Potential Metal Interferences on the
Determination of Arsenic(III)

The interference of 16 metal species on
the determination of As(III) was tested by
spiking synthetic samples containing 10 μg/L
As(III) and 10 μg/L As(V) with 0.0001 to
1,000 mg/L Al, Cd, Co, Cr(III), Cr(VI),
Cu(II), Fe(III), Fe(II), Mn, Ni, Pb, Sb(III),
Sb(V), Se(IV), Se(VI), and Zn and
determining the As(III) concentration using
the HGAAS procedure (without cationexchange
treatment). Arsenic(III) recoveries
for samples spiked with Al, Co, Cr(III),
Fe(II), Mn, Ni, and Zn ranged from 84 to 107
percent over the entire concentration range
tested (fig. 5).
Low As(III) recoveries occurred when
Cd exceeded 25 mg/L, Cr(VI) exceeded 0.03
mg/L, Cu(II) exceeded 2.0 mg/L, or Fe(III)
exceeded 1.0 mg/L. Cadmium and Cu(II) are
likely reduced by NaBH4 in the FIAS reaction
chamber and, consequently, arsine production
is limited by the available NaBH4.
Chromium(VI) and Fe(III) inhibit arsine
production by either competing with As(III)
for the available NaBH4 or oxidizing As(III)
to As(V). Arsenic(III) is quickly oxidized as
Fe(III) undergoes photoreduction (Emett and
Khoe, 2001). These synthetic samples were
prepared in clear volumetric flasks and
exposed to light. Therefore, the low As(III)
recovery in the presence of only Fe(III) may
be due to photochemical reactions with
Fe(III) prior to the As(III) determination.
However, when Fe(II) concentrations were
twice the concentration of Fe(III), low As(III)
recoveries occurred only when Fe(III)
exceeded 10 mg/L (fig. 6). Iron(II) relieves
the interference from Fe(III), within a limited
Fe(III) concentration range, by reacting with
free radicals generated as Fe(III) undergoes
photoreduction (Emett and Khoe, 2001).
Among the hydride-forming metals, Sb(III) at
concentrations greater than 0.1 mg/L, Sb(V)

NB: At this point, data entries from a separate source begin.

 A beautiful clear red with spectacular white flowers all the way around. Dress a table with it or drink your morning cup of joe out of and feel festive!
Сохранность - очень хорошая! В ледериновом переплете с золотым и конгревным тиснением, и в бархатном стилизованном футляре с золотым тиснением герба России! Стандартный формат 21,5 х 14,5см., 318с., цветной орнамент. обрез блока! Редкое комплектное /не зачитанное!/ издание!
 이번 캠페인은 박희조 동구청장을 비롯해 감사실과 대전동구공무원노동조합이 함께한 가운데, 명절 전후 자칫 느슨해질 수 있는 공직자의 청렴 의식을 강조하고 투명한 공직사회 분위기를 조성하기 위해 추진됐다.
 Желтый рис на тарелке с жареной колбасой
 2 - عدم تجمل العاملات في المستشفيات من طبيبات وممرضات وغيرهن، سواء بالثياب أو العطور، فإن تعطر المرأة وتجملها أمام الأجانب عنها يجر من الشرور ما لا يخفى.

greater than 0.4 mg/L, and Se(IV) greater than
0.02 mg/L interfered with As(III)
determinations, whereas Pb and Se(VI) did
not (fig. 7). Antimony(III), Sb(V), and Se(IV)
suppress AsH3(g) production by reacting with
the available NaBH4. An additive effect of
interfering metals on the determination of
As(III) was demonstrated by adding
increasing amounts of Fe(III) to a solution
containing 0.5 mg/L Cu and 10 μg/L As(III)

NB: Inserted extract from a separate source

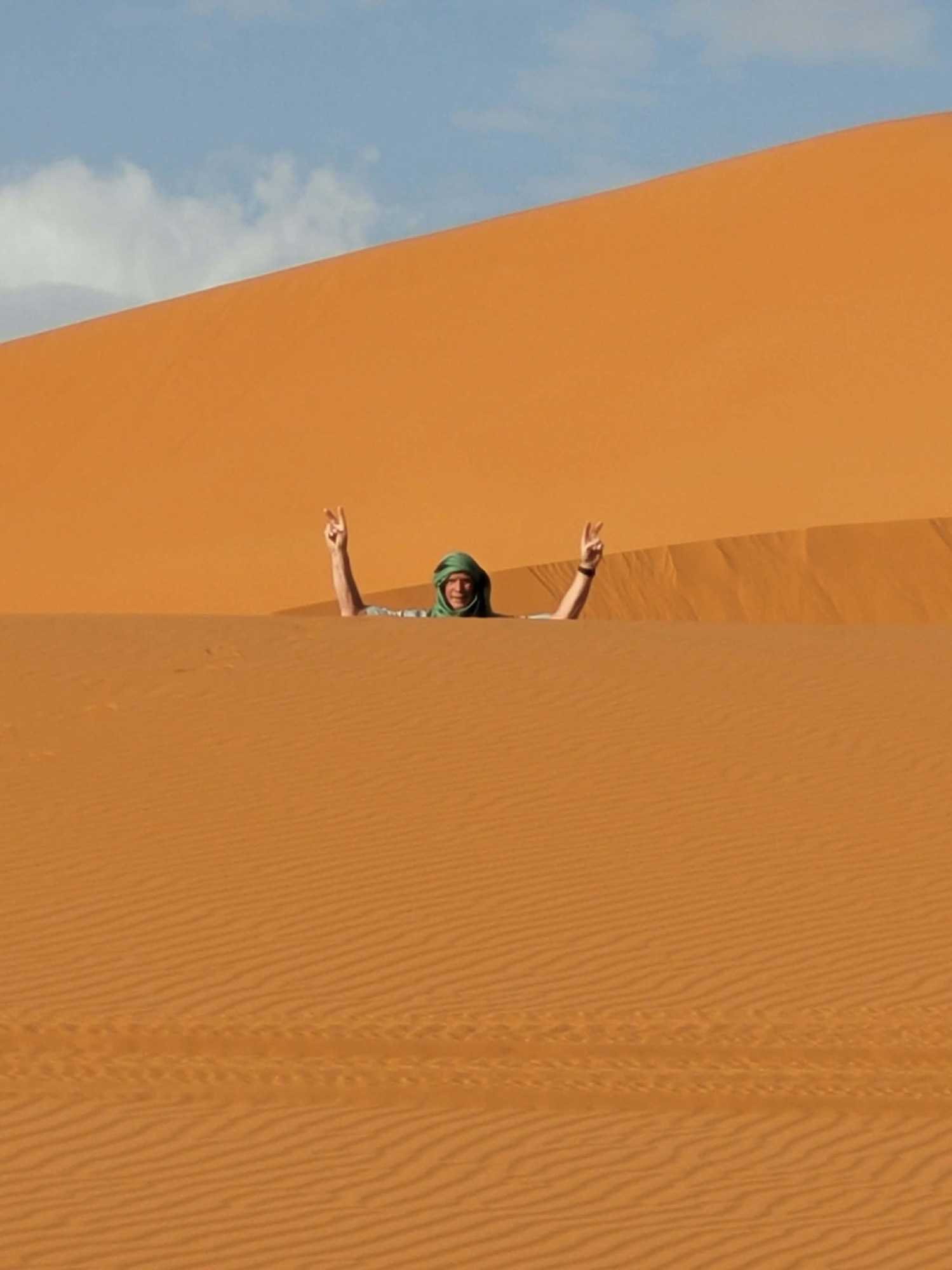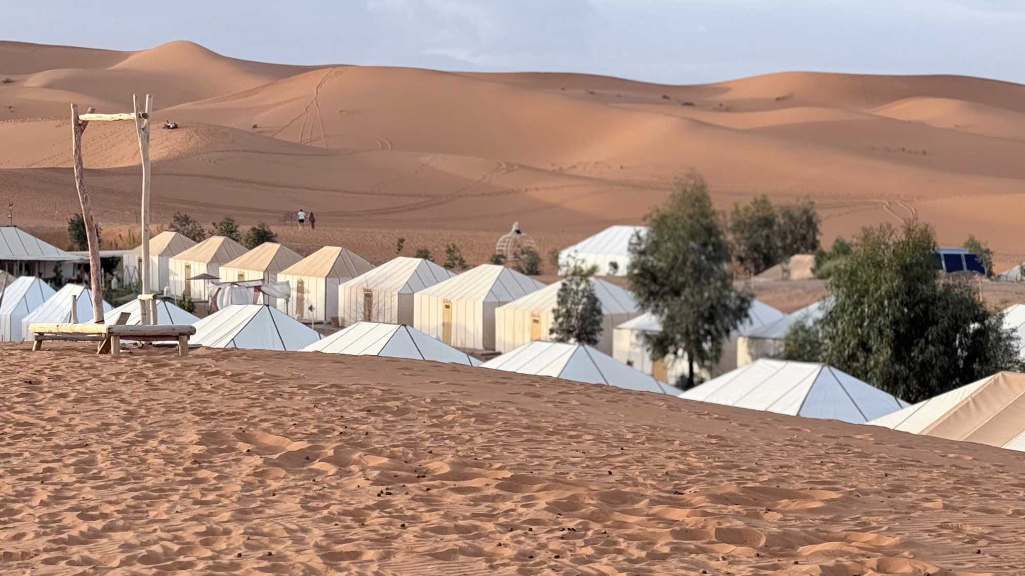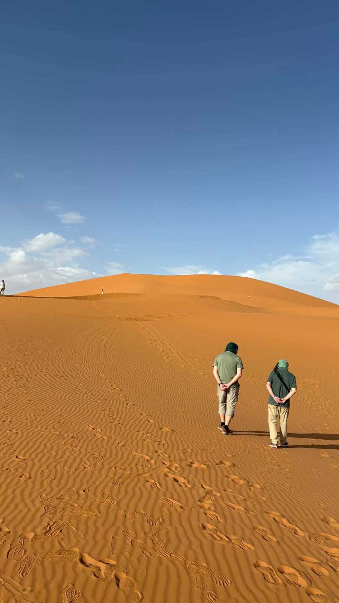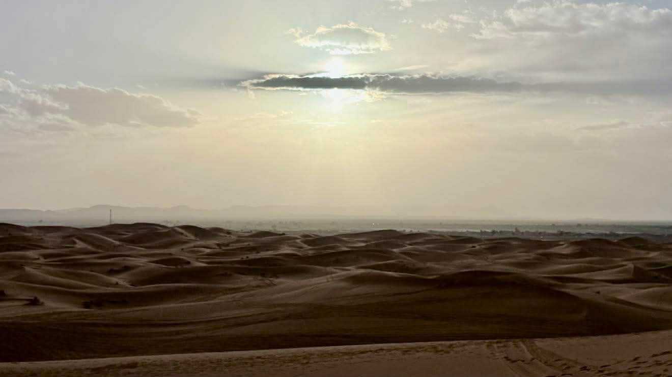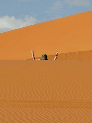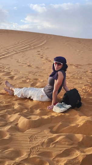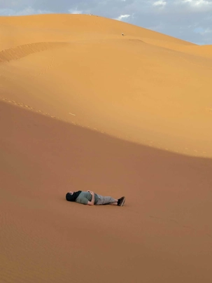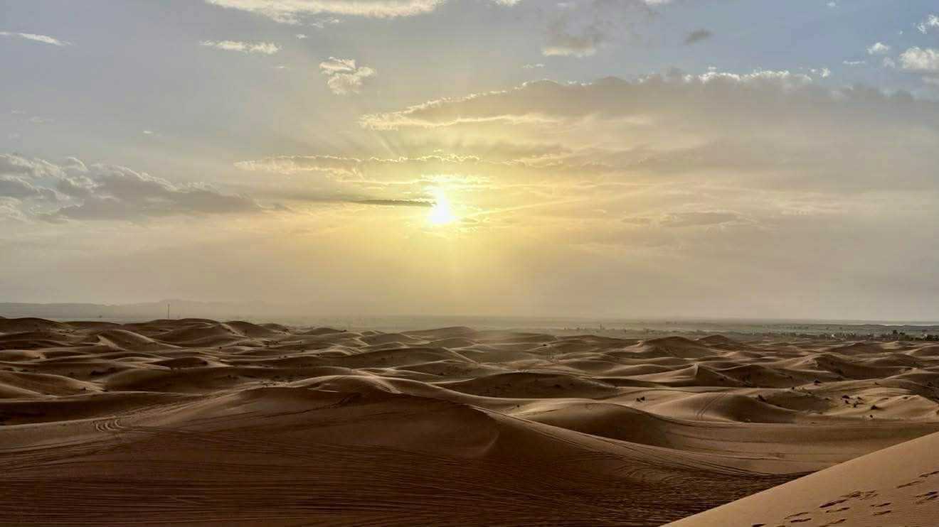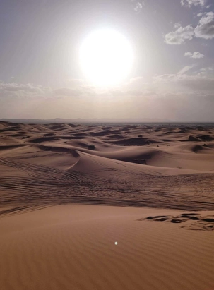 Puis la route nous a guidés jusqu’à Merzouga, où nous avons été accueillis avec chaleur pour le repas du midi. L’après-midi, baigné de soleil, nous a offert une parenthèse de douceur : les pieds dans l’eau, le corps au repos, l’esprit déjà tourné vers le désert.

(fig. 8). Low As(III) recoveries occurred
when the molar ratios of metals to As(III)
were: Cu(II) greater than 120, Fe(III) greater
than 70, Cr(VI) greater than 2, Cd greater
than 800, Sb(III) greater than 3, Sb(V) greater
than 12, or Se(IV) greater than 1. The sample
could not be diluted to an As(III)
concentration (As(III) less than 20 μg/L)
below which these interferences were absent.
Copper(II) and Fe(III) are of primary concern
because water generated from acid mine
drainage potentially contains high
concentrations of Cu(II) and Fe(III).

Cation Exchange Separation of
Iron(III) and Copper

Interfering metals can be removed using
cation-exchange resin prior to the
determination of As(III). The relative
selectivity for AG 50W-X8 cation-exchange
resin is 2.95 for Cd, 2.9 for Cu(II), and 1.0 for
H+ (Bio-Rad, 2003). Therefore, as long as the
capacity of the resin (1.7 millieqivalents
(meq) per mL of resin) is not exceeded, Cd
and Cu(II) are expected to be removed from
solution. The relative selectivity for Fe(III) is
not published in the AG 50W instruction
manual.
Laboratory experiments done for this
report demonstrated that AG 50W-X8 cationexchange
resin in the H+ form removed large
amounts of Cu(II) and Fe(III) while
maintaining the existing As(III)/As(T) ratio
(table 1). When the As(III) concentration is
high relative to that of the interfering metal,
the sample may be diluted before analysis to a
Cd, Cu(II), Cr(VI), Fe(III), Sb(III), or Se(IV)
concentration that does not interfere with the
As(III) determination. Chromium(VI) and the
Se and Sb oxyanions will not be removed by
cation exchange.